:: Data excerpt ::
※ ※ ※
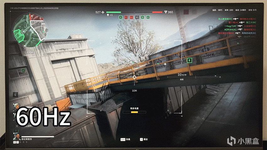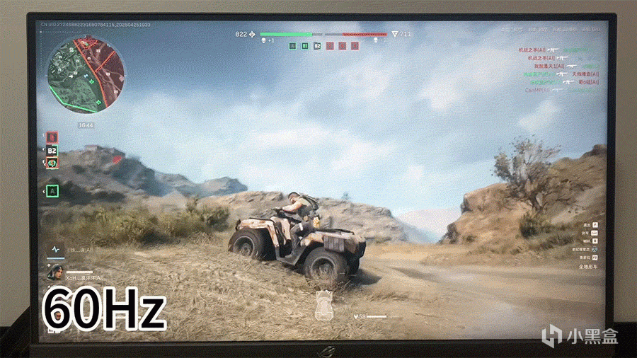 高刷新率可以說是一臺電競顯示器的核心,它意味着顯示器的畫面一秒鐘可以切換畫面多少次,切換的次數越多畫面過度越流暢。下圖是30Hz,聽起來一秒鐘30個畫面好像還可以,但是在慢動作下,可以明顯看到車輛腳下山坡處的畫面頓挫感非常強烈,而在真實遊戲體驗時,30Hz的畫面動起來非常模糊,很難看清場景。
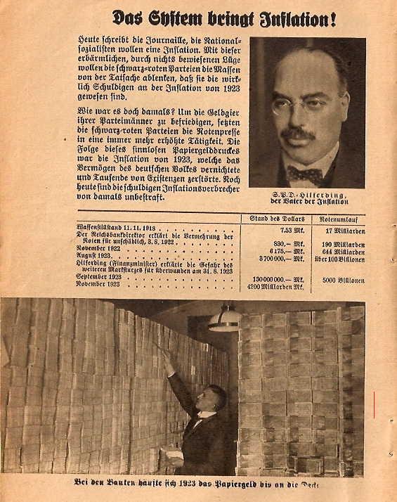 Analisemos nas páginas 10-11 e na sequência 22-24 parte da construção do argumento ao longo das páginas. Chama a atenção, na página 10 (Fig. 7), uma fotografia de dentro de um cofre de um grande banco, com pilhas e mais pilhas de dinheiro. Os nazistas buscavam aqui apresentar sua versão para a enorme inflação que afligia sobretudo a enorme população desempregada. “O sistema causa a inflação!”, diz o título, complementado por uma tabela em que aparecem os números do aumento da inflação na Alemanha desde 1918, explicando-a de maneira convincente, no contexto, porém obviamente simplista (seria causada apenas pela impressão desenfreada de cédulas de dinheiro para alimentar a ambição das elites).
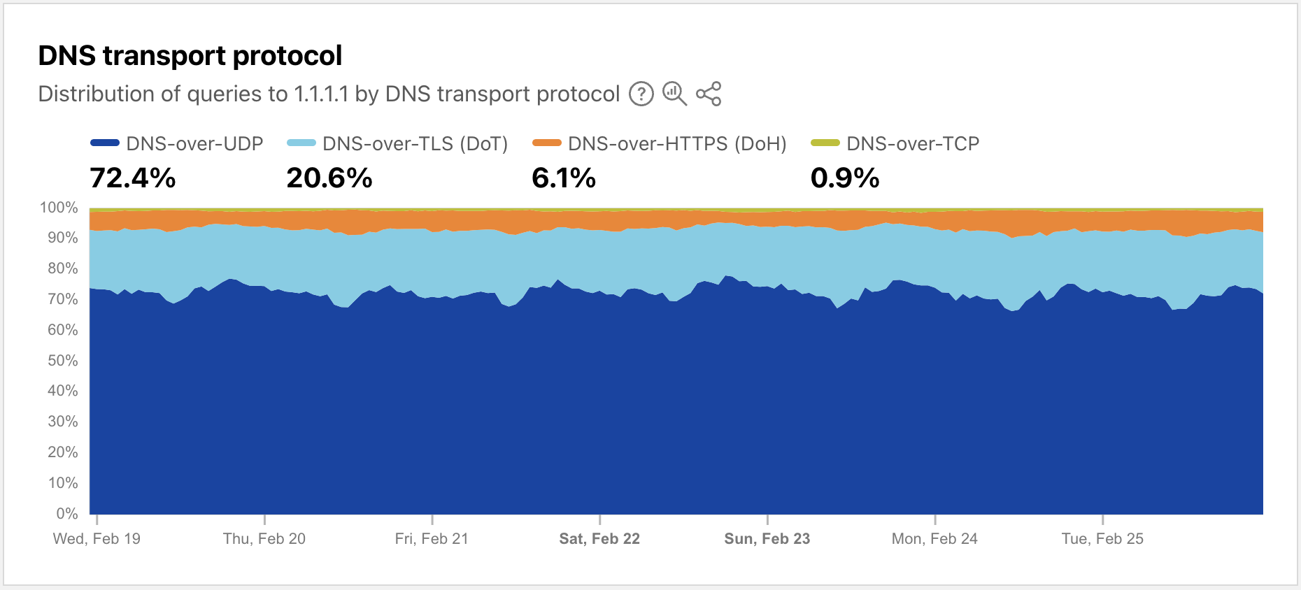 Published in November 1987, RFC 1035 notes that “The Internet supports name server access using TCP [RFC-793] on server port 53 (decimal) as well as datagram access using UDP [RFC-768] on UDP port 53 (decimal).” Over the subsequent three-plus decades, UDP has been the primary transport protocol for DNS queries, falling back to TCP for a limited number of use cases, such as when the response is too big to fit in a single UDP packet. However, as privacy has become a significantly greater concern, encrypted queries have been made possible through the specification of DNS over TLS (DoT) in 2016 and DNS over HTTPS (DoH) in 2018. Cloudflare’s 1.1.1.1 resolver has supported both of these privacy-preserving protocols since launch. The DNS transport protocol graph shows the distribution of queries to 1.1.1.1 over these four protocols. (Setting up 1.1.1.1 on your device or router uses DNS over UDP by default, although recent versions of Android support DoT and DoH. The 1.1.1.1 app uses DNS over HTTPS by default, and users can also configure their browsers to use DNS over HTTPS.)
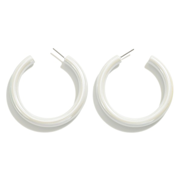 Metal Drop Hoop Earrings Featuring Abalone Finish
※ ※ ※
:: The task ::
Each line from the one with "Analisemos nas páginas" to the last line of the listing should be returned exactly, both ends included, and no picture with them.

:: Response to this exercise ::
 Analisemos nas páginas 10-11 e na sequência 22-24 parte da construção do argumento ao longo das páginas. Chama a atenção, na página 10 (Fig. 7), uma fotografia de dentro de um cofre de um grande banco, com pilhas e mais pilhas de dinheiro. Os nazistas buscavam aqui apresentar sua versão para a enorme inflação que afligia sobretudo a enorme população desempregada. “O sistema causa a inflação!”, diz o título, complementado por uma tabela em que aparecem os números do aumento da inflação na Alemanha desde 1918, explicando-a de maneira convincente, no contexto, porém obviamente simplista (seria causada apenas pela impressão desenfreada de cédulas de dinheiro para alimentar a ambição das elites).
 Published in November 1987, RFC 1035 notes that “The Internet supports name server access using TCP [RFC-793] on server port 53 (decimal) as well as datagram access using UDP [RFC-768] on UDP port 53 (decimal).” Over the subsequent three-plus decades, UDP has been the primary transport protocol for DNS queries, falling back to TCP for a limited number of use cases, such as when the response is too big to fit in a single UDP packet. However, as privacy has become a significantly greater concern, encrypted queries have been made possible through the specification of DNS over TLS (DoT) in 2016 and DNS over HTTPS (DoH) in 2018. Cloudflare’s 1.1.1.1 resolver has supported both of these privacy-preserving protocols since launch. The DNS transport protocol graph shows the distribution of queries to 1.1.1.1 over these four protocols. (Setting up 1.1.1.1 on your device or router uses DNS over UDP by default, although recent versions of Android support DoT and DoH. The 1.1.1.1 app uses DNS over HTTPS by default, and users can also configure their browsers to use DNS over HTTPS.)
 Metal Drop Hoop Earrings Featuring Abalone Finish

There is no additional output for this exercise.